I shall begin this essay by stating my own position in relation to disability, before examining canonical themes in the built environment from a disability anthropology perspective, including structuralist arguments and their counterpoints. I shall then explore ways that disabled people experience different aspects of buildings and their infrastructures, supplementing existing anthropological literature with reporting from podcasts and newspapers throughout. Finally, I shall discuss the ways in which the current Covid-19 pandemic, restrictions on movement and confinement to the home have shed light on situations many disabled people face in their everyday lives, and posit that the built environment forms a singular but significant facet of a more holistic “Disability Worlds” (Ginsburg & Rapp 2013) perspective in the anthropology of disability.

A Point on Positionality

On this subject, it is of utmost importance that I outline my personal motivations and perspective. Positionality is vital to anthropological authorship and modern disability narratives strongly advocate “Nothing about us, without us”, regarding the historical dominance of medical anthropology in the anthropological study of disability with scepticism and suspicion. This maxim has a long history and has been the rallying cry of many marginalised communities in the 20th century. In the late 1990s it came to be associated with disability activism in particular thanks to a publication by James Charlton, charting the role of society in disabling individuals.

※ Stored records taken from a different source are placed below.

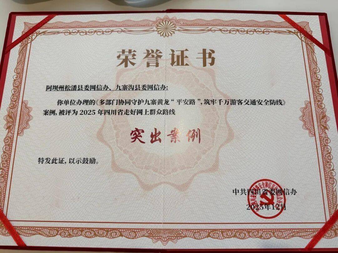 九寨沟县在此次评选中斩获两项殊荣——县委网信办报送的《多部门协同守护九寨黄龙“平安路”,筑牢千万游客交通安全防线年四川省走好网上群众路线突出案例;县融媒体中心运营的世界九寨APP,被评为2025年四川省走好网上群众路线突出融媒体中心网络平台。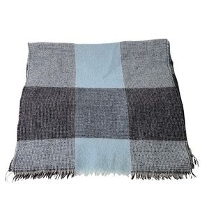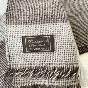 Bloomingdales Men’s Store Tartan Plaid 100% Virgin Wool Scarf Blue Grey One Size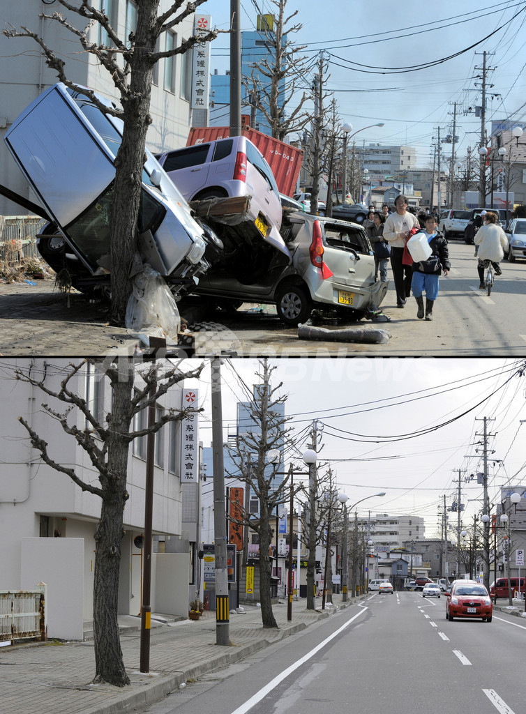 ニュース 社会 【写真特集】東日本大震災、被災地の震災直後と今 2012年3月8日 19:57 発信地:日本 [ アジア・オセアニア 日本 ] このニュースをシェア ‹ › ❮ 21/38 ❯ 東日本大震災の被災地の震災直後の様子と、2012年1月の様子。写真上は宮城県多賀城市で津波に流された車両の横を通る住民(2011年3月13日撮影)。写真下は現在の様子(2012年1月13日撮影)。(c)AFP/KIM JAE-HWAN/TORU YAMANAKA 画像作成中 ! 【2月7日 AFP】東日本大震災の被災地の震災直後の様子と、2012年1月の様子。(c)AFP 社会 一覧へ> メディア・報道関係・法人の方向け 写真・動画 購入のお問合せ>

It is thus a customary courtesy for anthropologists (disabled and non-disabled alike) to detail how they came to the intersection of anthropology and disability. As Ginsburg and Rapp note (2011), the path often begins close to home. In writing this essay, I examine a topic that has been a part of my experience for nearly a decade. Eight years ago, my mother began to use mobility assistance and describe herself as disabled, due to chronic back pain and other health conditions. Before her retirement, she herself had worked as a community dentist, a role which provided accessible dentistry to those with physical and learning disabilities. It is my mother’s differing, day-to-day experiences that has led me now to consider the relationship between the built environment and disability.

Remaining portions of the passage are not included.